LICENSE.TXT for full details, including support and warranty information.

  ------------------------------------------------------------------------

                            System requirements

  ------------------------------------------------------------------------
The 16-bit version runs under DOS 2.0 or higher, including a DOS box under
Windows. The 32-bit version requires a DOS box under Windows 98, Win95, or
Win NT 4.0.

The two versions operate the same and have the same features, except that
the 32-bit version supports long filenames.

  ------------------------------------------------------------------------

                                Installation

  ------------------------------------------------------------------------
There is no special installation procedure. Simply move GREP16.EXE,
GREP32.EXE, or both to any convenient directory in your path.

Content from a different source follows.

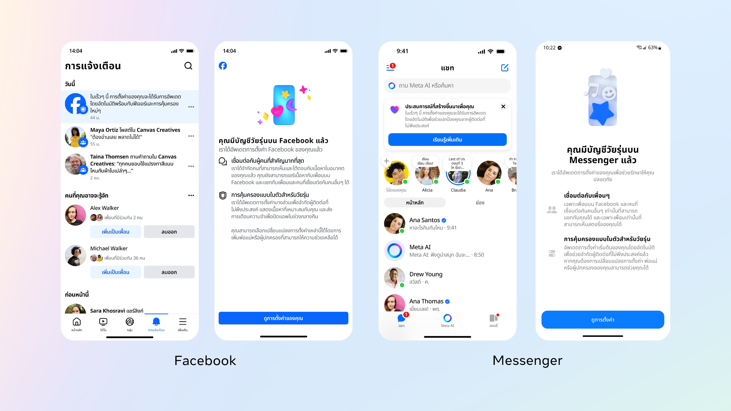 เมื่อหนึ่งปีที่ผ่านมา Meta ได้เปิดตัวบัญชีสำหรับเยาวชน (Teen Accounts) ซึ่งเป็นก้าวสำคัญในการยกระดับความปลอดภัยของผู้ใช้วัยรุ่นบนทุกแอปฯ ของ Meta ปัจจุบันบริษัทได้ปรับบัญชีของผู้ใช้วัยรุ่นหลายร้อยล้านคนทั่วโลกให้เป็นบัญชีสำหรับเยาวชน ครอบคลุมทั้ง Instagram, Facebook และ Messenger นอกจากบัญชีสำหรับเยาวชนจะใช้ได้ทั่วโลกบน Instagram แล้ว วันนี้ Meta ยังประกาศขยายการใช้งานบัญชีสำหรับเยาวชนสู่ Facebook และ Messenger ในประเทศไทย ภายในงาน Screen Smart Thailand อีกด้วย

You may wish to rename the version you use more often to the simpler
GREP.EXE. All the following user instructions will assume you've done that.
Otherwise, just substitute GREP16 or GREP32 wherever you see GREP in the
examples.

  ------------------------------------------------------------------------

                             User instructions

  ------------------------------------------------------------------------
For a quick summary of operating instructions, type

        grep

The full command form is one of

        grep [options] ["regexp"] [<inputfile] [>outputfile]
        grep [options] ["regexp"] inputfiles [>outputfile]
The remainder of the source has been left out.